*** The records ***

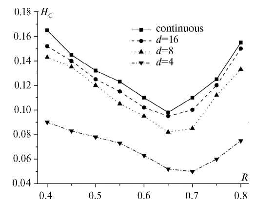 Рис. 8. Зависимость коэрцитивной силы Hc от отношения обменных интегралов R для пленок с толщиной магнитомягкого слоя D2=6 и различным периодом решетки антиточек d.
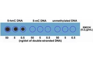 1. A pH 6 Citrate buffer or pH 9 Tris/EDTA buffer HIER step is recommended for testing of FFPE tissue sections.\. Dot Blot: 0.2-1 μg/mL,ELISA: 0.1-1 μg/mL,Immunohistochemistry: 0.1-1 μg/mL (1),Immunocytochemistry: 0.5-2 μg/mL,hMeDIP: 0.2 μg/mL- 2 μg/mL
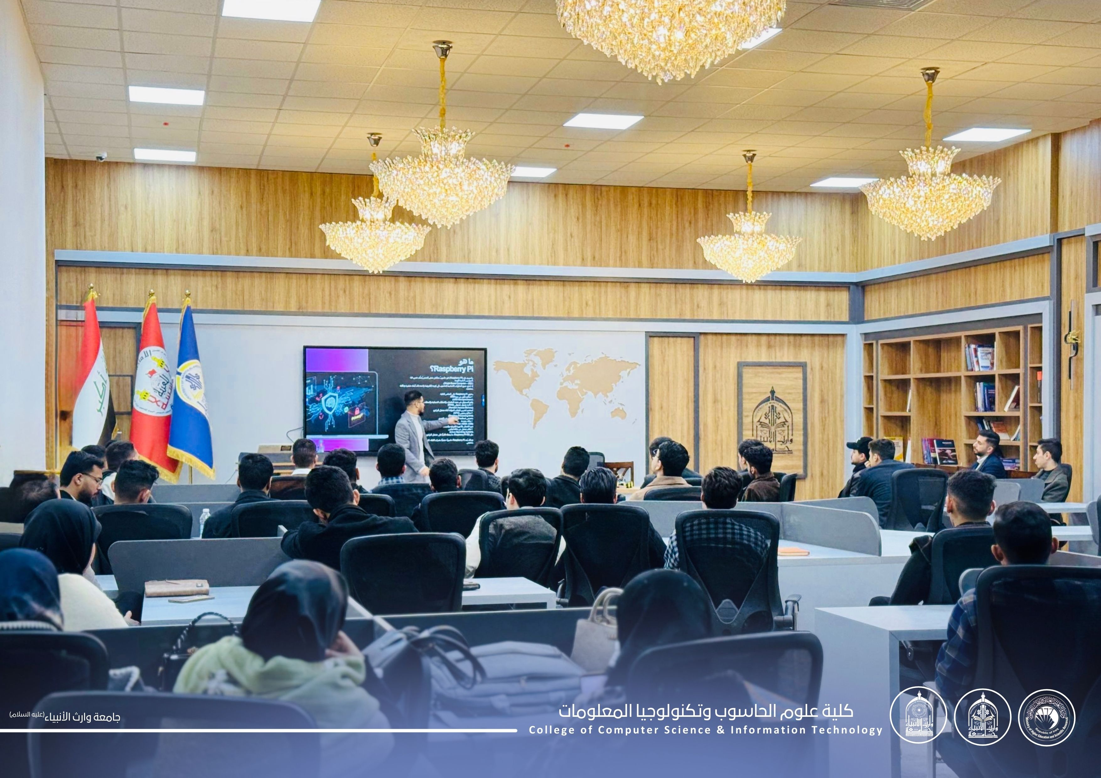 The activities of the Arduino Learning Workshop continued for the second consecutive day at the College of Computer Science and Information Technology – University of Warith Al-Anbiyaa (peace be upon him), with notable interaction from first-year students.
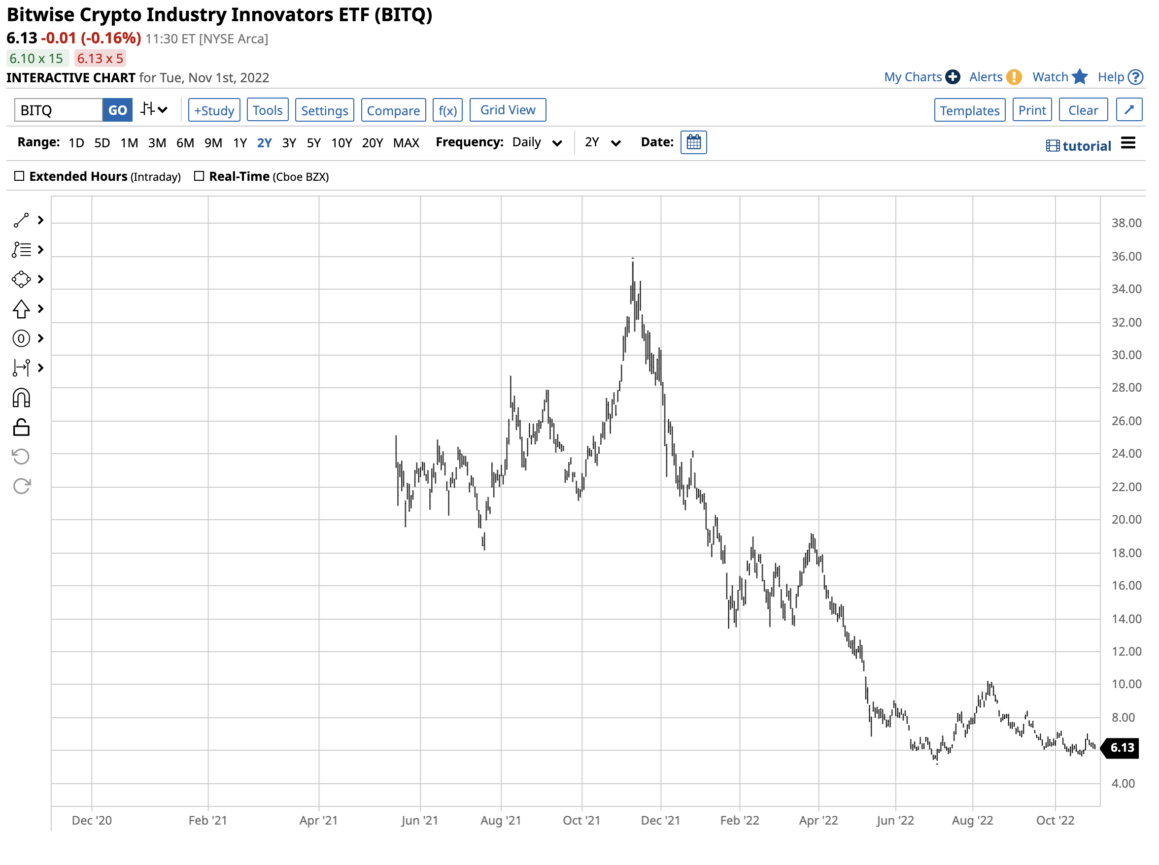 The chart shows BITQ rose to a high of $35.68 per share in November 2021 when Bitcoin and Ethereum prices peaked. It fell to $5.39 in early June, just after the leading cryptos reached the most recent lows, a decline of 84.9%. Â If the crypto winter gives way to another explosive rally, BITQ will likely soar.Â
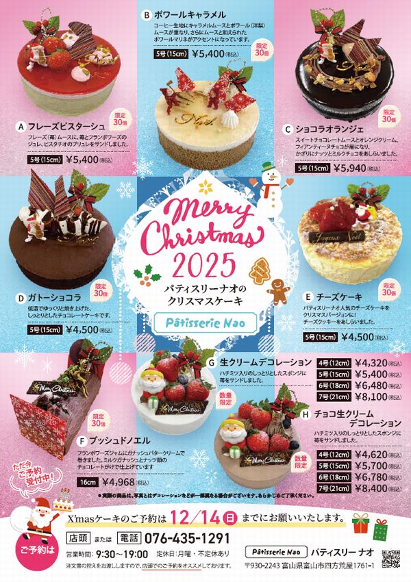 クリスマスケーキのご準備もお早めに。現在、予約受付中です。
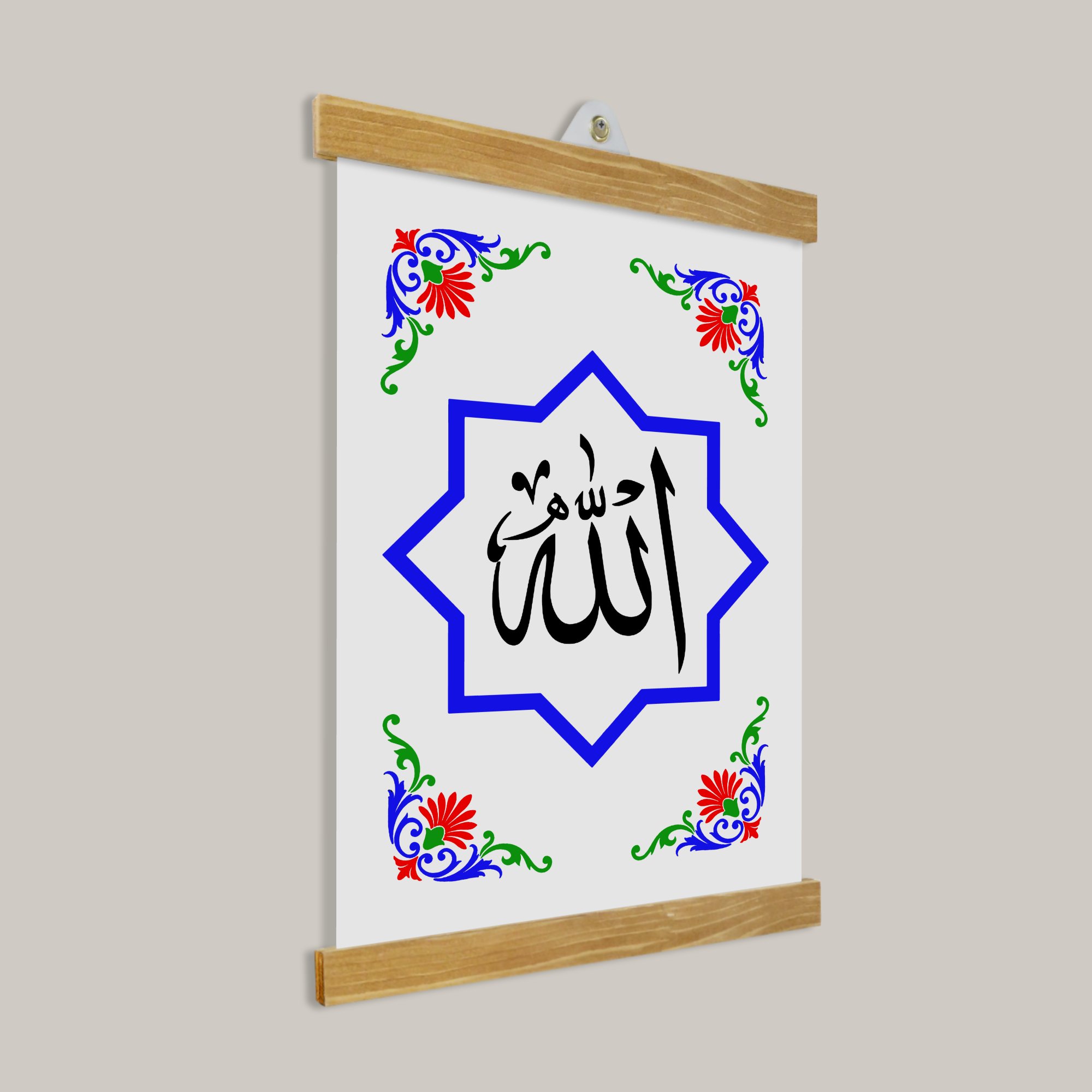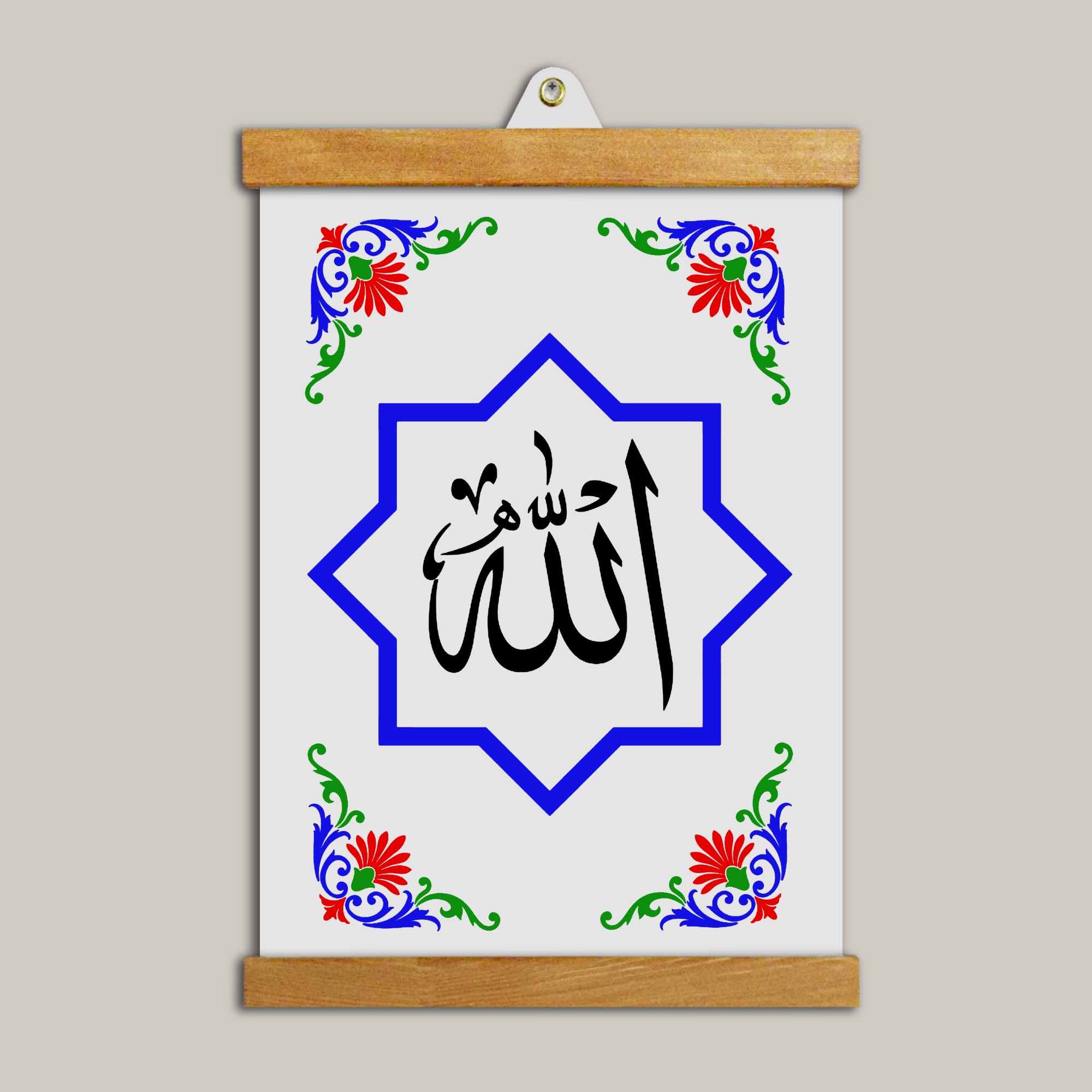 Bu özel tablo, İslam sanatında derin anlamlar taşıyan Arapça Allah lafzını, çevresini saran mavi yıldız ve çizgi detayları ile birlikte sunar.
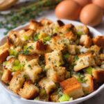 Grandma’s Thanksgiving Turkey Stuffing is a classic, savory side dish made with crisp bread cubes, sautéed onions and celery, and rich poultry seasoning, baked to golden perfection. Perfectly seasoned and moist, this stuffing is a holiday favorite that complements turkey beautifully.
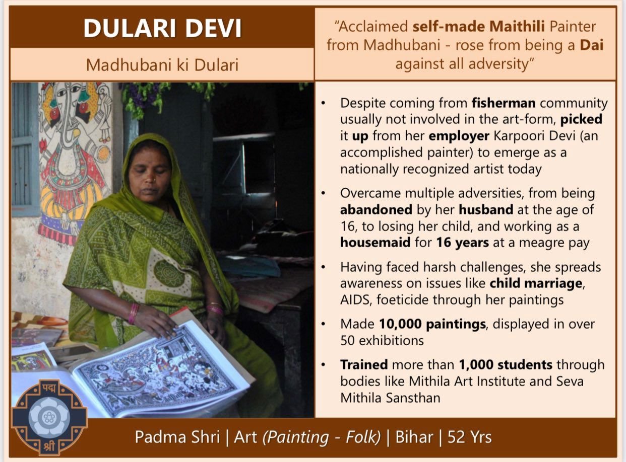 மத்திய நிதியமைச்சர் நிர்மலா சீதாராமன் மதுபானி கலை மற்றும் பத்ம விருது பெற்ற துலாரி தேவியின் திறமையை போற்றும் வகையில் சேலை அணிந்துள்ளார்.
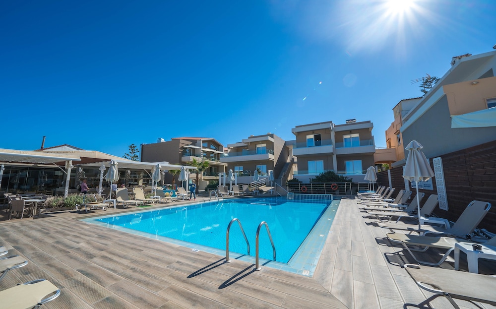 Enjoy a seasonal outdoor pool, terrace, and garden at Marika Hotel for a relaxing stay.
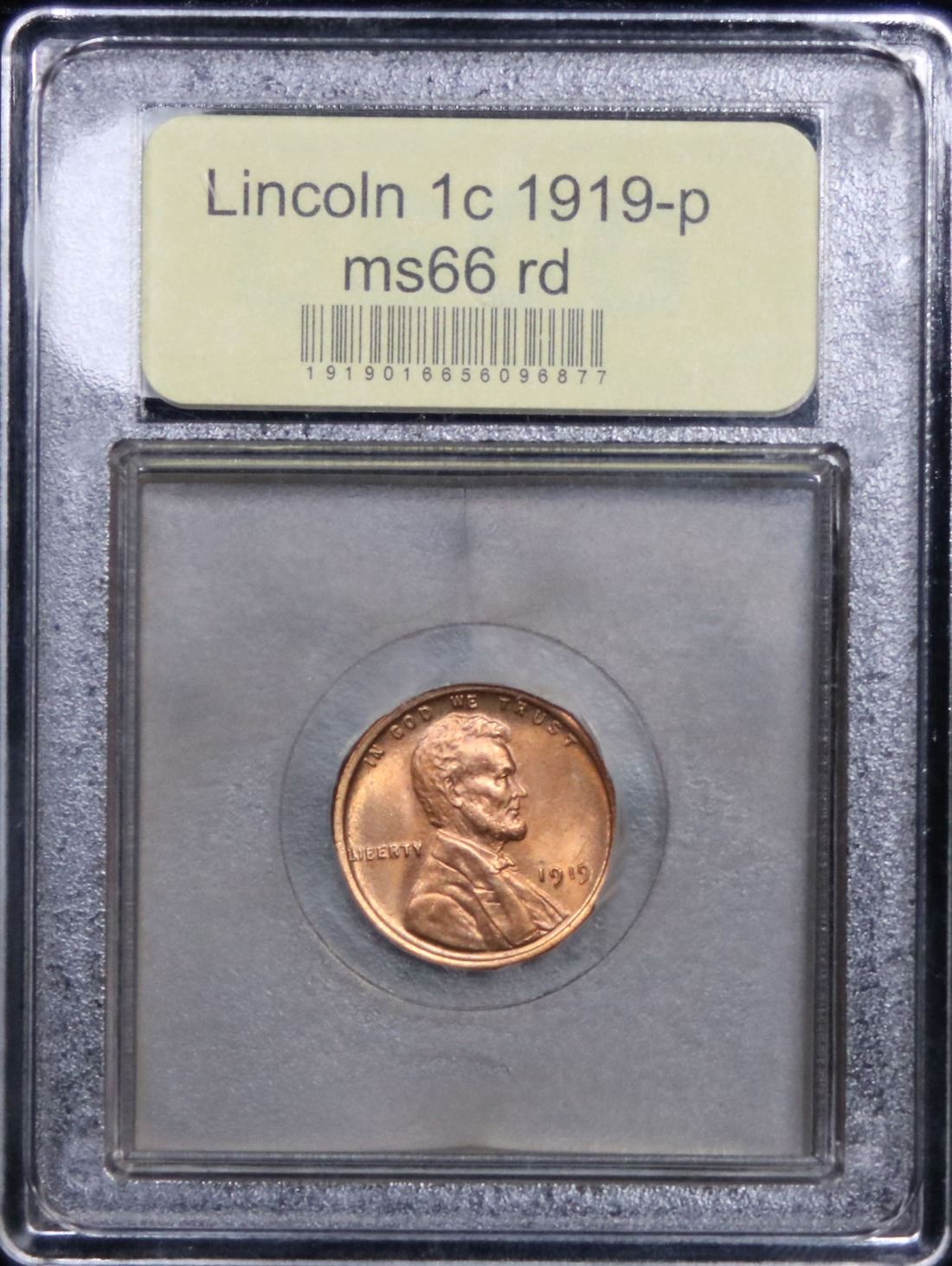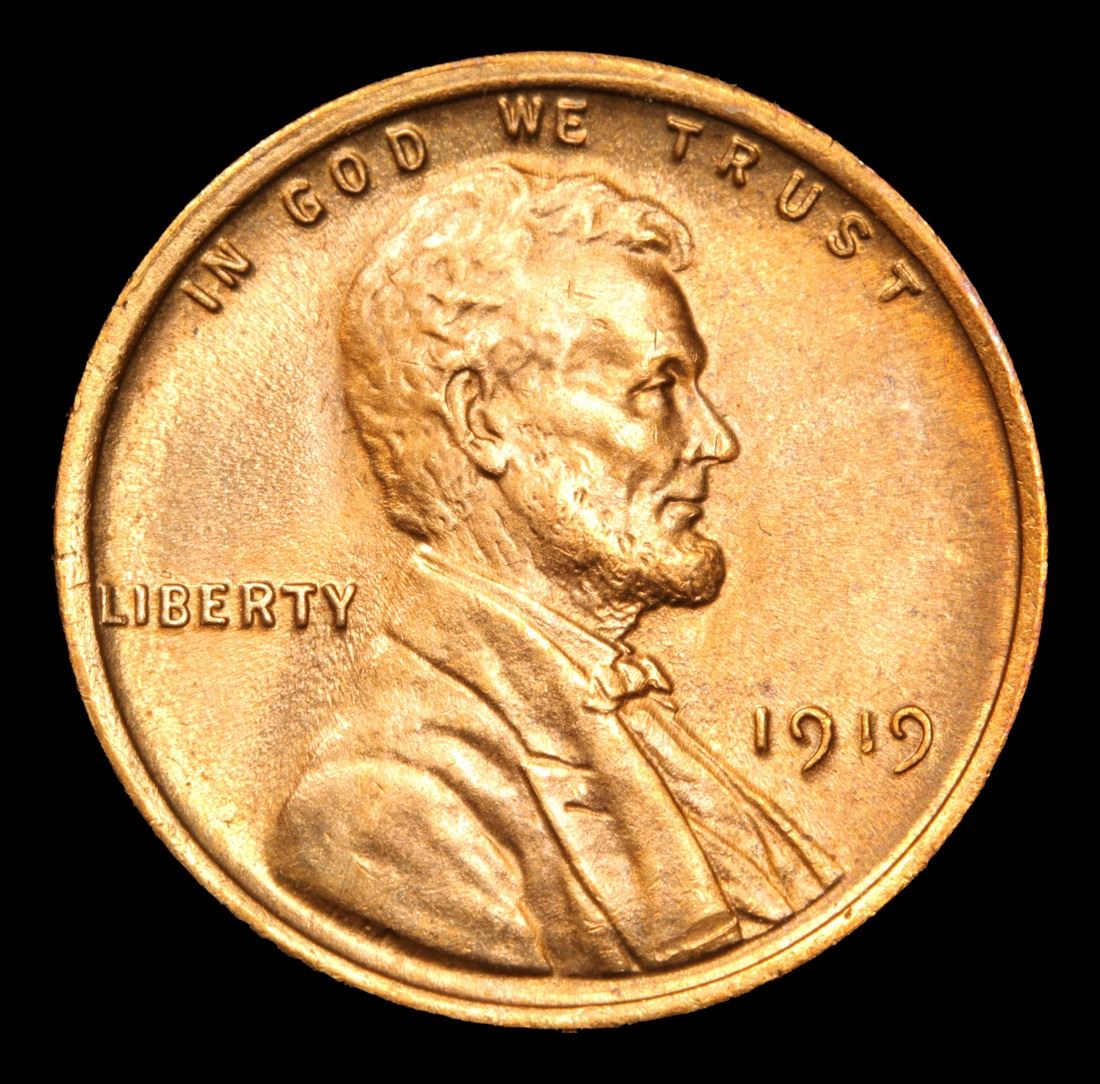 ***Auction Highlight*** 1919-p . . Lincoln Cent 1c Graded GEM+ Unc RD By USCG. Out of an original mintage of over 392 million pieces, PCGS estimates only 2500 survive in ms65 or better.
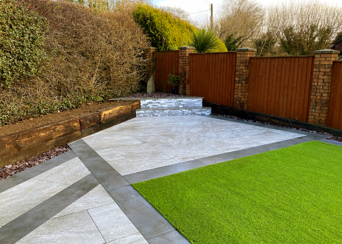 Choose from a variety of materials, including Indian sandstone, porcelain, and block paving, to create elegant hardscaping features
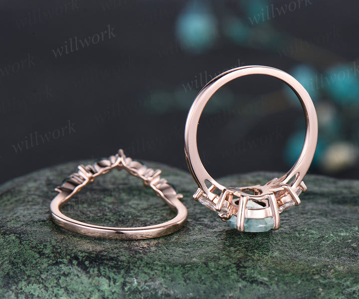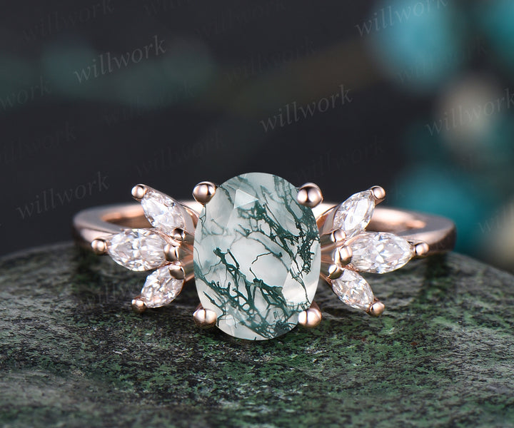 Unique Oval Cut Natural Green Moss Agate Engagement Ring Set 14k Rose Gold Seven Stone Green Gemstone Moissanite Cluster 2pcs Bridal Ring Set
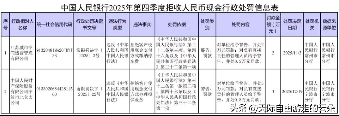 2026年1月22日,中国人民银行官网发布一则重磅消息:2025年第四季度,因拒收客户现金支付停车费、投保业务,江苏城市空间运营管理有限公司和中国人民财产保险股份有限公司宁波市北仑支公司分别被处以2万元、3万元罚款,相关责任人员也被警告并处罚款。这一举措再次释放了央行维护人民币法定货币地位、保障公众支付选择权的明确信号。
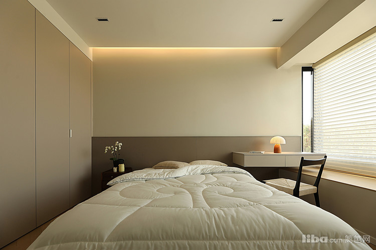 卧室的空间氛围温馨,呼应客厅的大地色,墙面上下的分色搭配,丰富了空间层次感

*** End of The records ***

Exercise instructions: Could you give back the full listing word for word, leaving out the images?

Solution for this problem:
 Рис. 8. Зависимость коэрцитивной силы Hc от отношения обменных интегралов R для пленок с толщиной магнитомягкого слоя D2=6 и различным периодом решетки антиточек d.
 1. A pH 6 Citrate buffer or pH 9 Tris/EDTA buffer HIER step is recommended for testing of FFPE tissue sections.\. Dot Blot: 0.2-1 μg/mL,ELISA: 0.1-1 μg/mL,Immunohistochemistry: 0.1-1 μg/mL (1),Immunocytochemistry: 0.5-2 μg/mL,hMeDIP: 0.2 μg/mL- 2 μg/mL
 The activities of the Arduino Learning Workshop continued for the second consecutive day at the College of Computer Science and Information Technology – University of Warith Al-Anbiyaa (peace be upon him), with notable interaction from first-year students.
 The chart shows BITQ rose to a high of $35.68 per share in November 2021 when Bitcoin and Ethereum prices peaked. It fell to $5.39 in early June, just after the leading cryptos reached the most recent lows, a decline of 84.9%. Â If the crypto winter gives way to another explosive rally, BITQ will likely soar.Â
 クリスマスケーキのご準備もお早めに。現在、予約受付中です。
 Bu özel tablo, İslam sanatında derin anlamlar taşıyan Arapça Allah lafzını, çevresini saran mavi yıldız ve çizgi detayları ile birlikte sunar.
 Grandma’s Thanksgiving Turkey Stuffing is a classic, savory side dish made with crisp bread cubes, sautéed onions and celery, and rich poultry seasoning, baked to golden perfection. Perfectly seasoned and moist, this stuffing is a holiday favorite that complements turkey beautifully.
 மத்திய நிதியமைச்சர் நிர்மலா சீதாராமன் மதுபானி கலை மற்றும் பத்ம விருது பெற்ற துலாரி தேவியின் திறமையை போற்றும் வகையில் சேலை அணிந்துள்ளார்.
 Enjoy a seasonal outdoor pool, terrace, and garden at Marika Hotel for a relaxing stay.
 ***Auction Highlight*** 1919-p . . Lincoln Cent 1c Graded GEM+ Unc RD By USCG. Out of an original mintage of over 392 million pieces, PCGS estimates only 2500 survive in ms65 or better.
 Choose from a variety of materials, including Indian sandstone, porcelain, and block paving, to create elegant hardscaping features
 Unique Oval Cut Natural Green Moss Agate Engagement Ring Set 14k Rose Gold Seven Stone Green Gemstone Moissanite Cluster 2pcs Bridal Ring Set
 2026年1月22日,中国人民银行官网发布一则重磅消息:2025年第四季度,因拒收客户现金支付停车费、投保业务,江苏城市空间运营管理有限公司和中国人民财产保险股份有限公司宁波市北仑支公司分别被处以2万元、3万元罚款,相关责任人员也被警告并处罚款。这一举措再次释放了央行维护人民币法定货币地位、保障公众支付选择权的明确信号。
 卧室的空间氛围温馨,呼应客厅的大地色,墙面上下的分色搭配,丰富了空间层次感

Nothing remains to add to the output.